The founder of Allbritton Communications, which launched Politico and owns several television stations, built the Washington, D.C.-based media empire after controversy-fraught years as the chief of Riggs National Bank.
Born in Mississippi and raised in Texas, Allbritton was a self-made businessman, who dabbled in real estate, mortuaries and banking before entering the news business in 1974, when he purchased the struggling Washington Star newspaper.
He revived the paper. Six years later, federal regulations regarding cross ownership of newspaper and television stations forced him to sell his $35 million investment. Time Inc. bought it for $217 million.
Allbritton held on to his more lucrative media properties, including WJLA, an ABC affiliate in Washington, D.C. that took his initials, and helped launch NewsChannel 8, also in Washington, one of the country's first 24-hour news channels.
The company he founded, which is now run by his son, Robert, has made inroads into the internet world - founding Politico in 2007 and TBD, a short-lived internet news site that the company shuttered in 2012. Though Politico is his son's creation, the elder Allbritton bankrolled the publication and has been accused of excessively involving himself in its editorial affairs.
But, for all of Allbritton's successes and wealth, his career was marred by a nationwide recession in the early 1990s that Forbes magazine said brought the bank to the brink of insolvency.

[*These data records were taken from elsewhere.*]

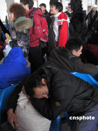 1月23日,一批批的旅客從北京站登車回鄉(xiāng)過(guò)農(nóng)歷已丑年(牛年)的春節(jié)。一名辛苦一年的壯年民工,在候車大廳等車中,提早進(jìn)入了新春的夢(mèng)鄉(xiāng)。為回鄉(xiāng)過(guò)農(nóng)歷已丑年(牛年)的春節(jié),許多在北京的旅客,早早離開(kāi)臨時(shí)居所,在車站休息。當(dāng)日是中國(guó)春運(yùn)第13天,中國(guó)客流最高峰已經(jīng)到來(lái),中國(guó)鐵路共開(kāi)行臨客754列,其中直通臨客393列。中新社發(fā) 鄒憲 攝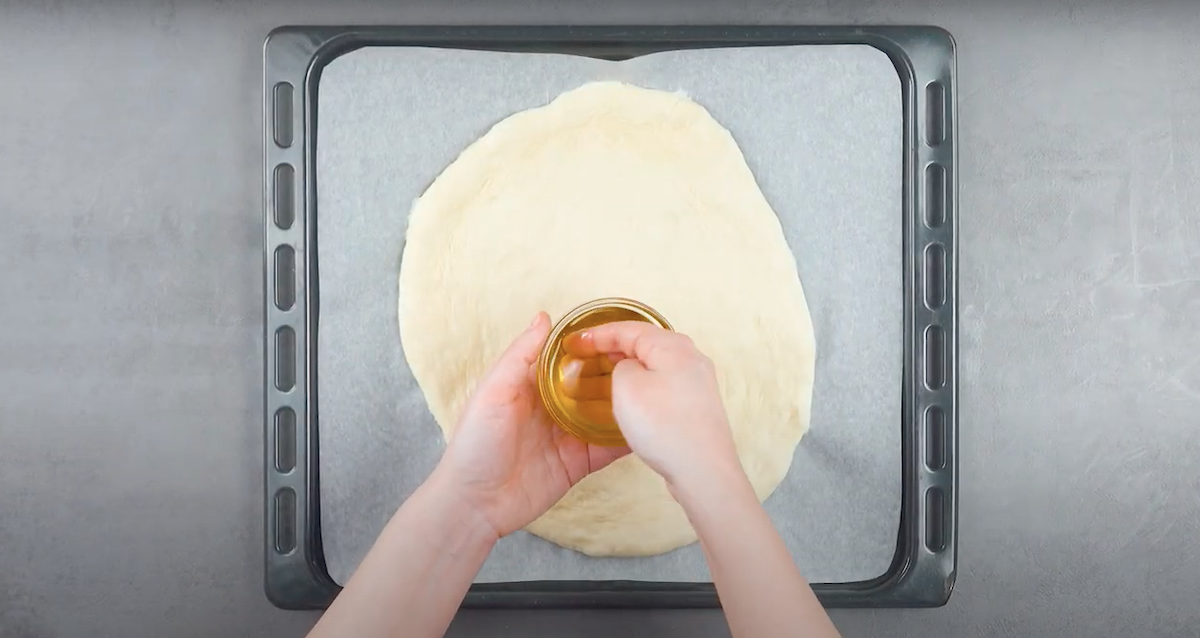 3.1 Breite einen der vorbereiteten hellen Brotteige auf einem mit Backpapier ausgelegten Backblech „freestylemäßig“ aus und bestreiche ihn mit Olivenöl.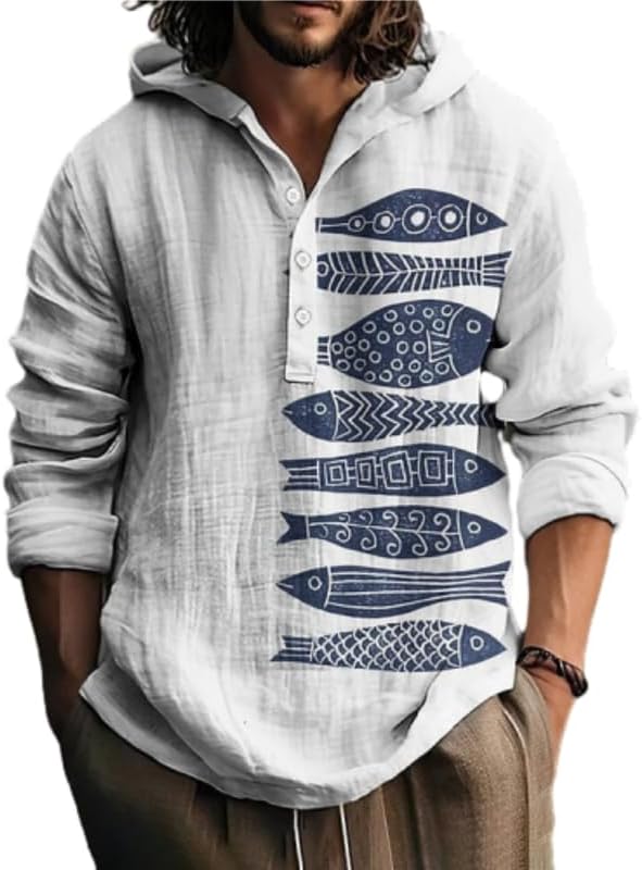 Men’s Hooded Linen Henley Shirt – Artistic Boho Print Long Sleeve Casual Top for Beach, Travel, and Everyday Wear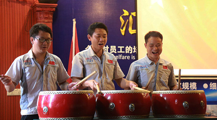 隨后,東莞分公司廠長歐陽輝鳳、智能裝備研發(fā)中心工程師鐘揚(yáng)、裝配測試技術(shù)員劉洋「三陽開泰」共同敲響士氣鼓、鼓舞匯興智造奮勇前進(jìn)。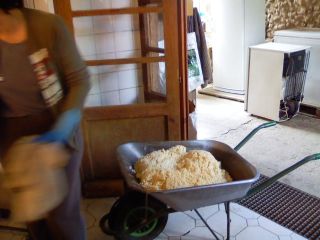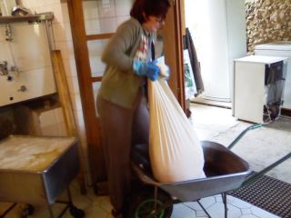 Der Sack füllt sich, man beachte die Stiefel des Meisters |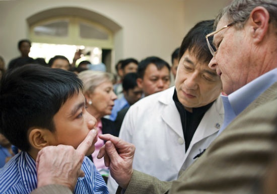 | Thành Long trong chuyến đi từ thiện tại Hà Nội năm 2009 với tư cách đại sứ của tổ chức Phẫu thuật nụ cười. |

The economic slump left Riggs with bad loans on drastically devalued real estate, but Allbritton was also blamed by analysts for ignoring the growing suburban banking market which took business away from Riggs.
Despite these woes, he refused to give up his private jet at Riggs, even as shareholders urged him to sell the Gulfstream.
He was also criticized for his eagerness to do business with some shady customers
He personally courted Chilean dictator Augusto Pinochet, whom human rights groups accused of killing more than 3,000 of his own citizens during his 17-year reign.
And - in a 2001 letter to Teodoro Obiang Nguema, the dictator of oil-rich Equatorial Guinea - Allbritton praised the west African strongman's "reputation for prudent leadership." Obiang deposited hundreds of millions of dollars in banks controlled by Allbritton.
But little of this criticism appeared in Politico's glowing, three-page obituary on its financier.
The piece, bylined by editor-in-chief John F. Harris and reporter James Hohmann, makes a brief, passing mention of a federal inquiry into Allbritton's dealings with Pinochet. There is no mention of Obiang.
The man, whom the Washington Post noted - in the headline of its obituary - led once-venerable Riggs to "disrepute" is praised by Politico with a laundry list of accomplishments.
"He would wear Politico baseball caps and T-shirts while playing with his grandchildren. Sometimes, he would quiz executives at the company on business and editorial matters, sometimes pretending caustically to second-guess their decisions," Harris and Hohmann wrote of the former boss.
"It took the publisher, adept at reading his father's sense of humor, to assure people that he was just kidding; his main involvement in the new publication was as cheerleader."
It wasn't the only time Allbritton was accused of involving himself in Politico's coverage.
In 2007, five months after the news agency's christening, Glenn Greenwald, then a columnist at Salon, accused Politico of having a conservative bias, pointing to Allbritton's appointment of Frederick J. Ryan Jr., a one-time assistant to President Ronald Reagan, as president and CEO of Politico.
"There is nothing wrong per se with hard-core political operatives running a news organization. Long-time Republican strategist Roger Ailes oversees Fox News, of course," Greenwald wrote. "But it seems rather self-evident that a news organization run by someone with such clear-cut political biases ought to have a hard time holding itself out as some sort of politically unbiased source of news."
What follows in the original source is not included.